After you do the compile-and-run thing you will have created the following image.

iwanttobelieve.svg

The stars are randomly generated so the chances of yours being identical are

Number of possible star patterns!

1.0 / pow(768, 393216);

so not much chance at all really! If there happen to be any stars behind the spaceship's dome you will see them - that's why I used an alpha of 0 for its fill.

Finally let's do some real art.

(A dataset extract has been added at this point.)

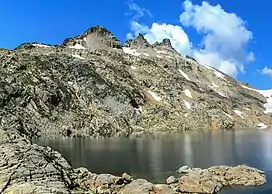 Gothic Peak is a 6,213-foot (1,894-metre) multi-peak mountain summit located near the western edge of the North Cascades Range, in Snohomish County of Washington state. It is located south of Barlow Pass along the Mountain Loop Highway near the Monte Cristo area. It is situated on land administered by the Mount Baker-Snoqualmie National Forest. The mountain was named for early prospector William Gothic, who was one of the first to stake a claim in Gothic Basin.[3][4] The mountain's name was officially adopted in 1967.[2] The nearest higher peak is Del Campo Peak, 0.5 miles (0.80 km) to the northeast, and Foggy Pass is the low point between the two peaks.[1] Foggy Lake lies in Gothic Basin below the east face of Gothic Peak and collects precipitation runoff which ultimately drains to South Fork Sauk River via Weden Creek. Runoff from the west side of the mountain drains into the Sultan River. The first ascent of the mountain was made on June 10, 1934, by Don Blair, Willard Carr, Norval Grigg, and Art Winder. In terms of catching favorable weather, the best months for climbing are July through September.

Paste the following into main.c, in the main function comment out iwanttobelieve, uncomment mondrian, compile and run.

main.c

// --------------------------------------------------------
// FUNCTION mondrian
// --------------------------------------------------------
void mondrian(void)
{
    svg* psvg;
    psvg = svg_create(512, 512);

    if(psvg == NULL)
    {
        puts("psvg is NULL");
    }
    else
    {
        svg_fill(psvg, "white");

        svg_rectangle(psvg, 512, 512, 0, 0, "white", "black", 1, 0, 0);

        svg_rectangle(psvg, 256, 256, 64, 64, "red", "red", 0, 0, 0);
        svg_rectangle(psvg, 128, 128, 64, 320, "black", "black", 0, 0, 0);
        svg_rectangle(psvg, 64, 128, 0, 384, "orange", "orange", 0, 0, 0);
        svg_rectangle(psvg, 128, 192, 320, 0, "orange", "orange", 0, 0, 0);
        svg_rectangle(psvg, 128, 64, 320, 384, "navy", "navy", 0, 0, 0);
        svg_rectangle(psvg, 64, 128, 448, 384, "red", "red", 0, 0, 0);

        svg_line(psvg, "black", 8, 0, 64, 448, 64);
        svg_line(psvg, "black", 8, 64, 64, 64, 512);
        svg_line(psvg, "black", 8, 0, 192, 64, 192);
        svg_line(psvg, "black", 8, 0, 384, 512, 384);
        svg_line(psvg, "black", 8, 128, 0, 128, 64);
        svg_line(psvg, "black", 8, 320, 0, 320, 448);
        svg_line(psvg, "black", 8, 64, 320, 448, 320);
        svg_line(psvg, "black", 8, 320, 192, 448, 192);
        svg_line(psvg, "black", 8, 64, 448, 448, 448);
        svg_line(psvg, "black", 8, 448, 0, 448, 512);
        svg_line(psvg, "black", 8, 192, 320, 192, 512);
        svg_line(psvg, "black", 8, 384, 192, 384, 320);

        svg_finalize(psvg);
        svg_save(psvg, "mondrian.svg");
        svg_free(psvg);
    }
}

You should end up with this. I told you we were doing real art!

mondrian.svg

We now have a complete and useful SVG library but of course there is huge scope for both improving the existing functionality and adding more. I'll save those for the future.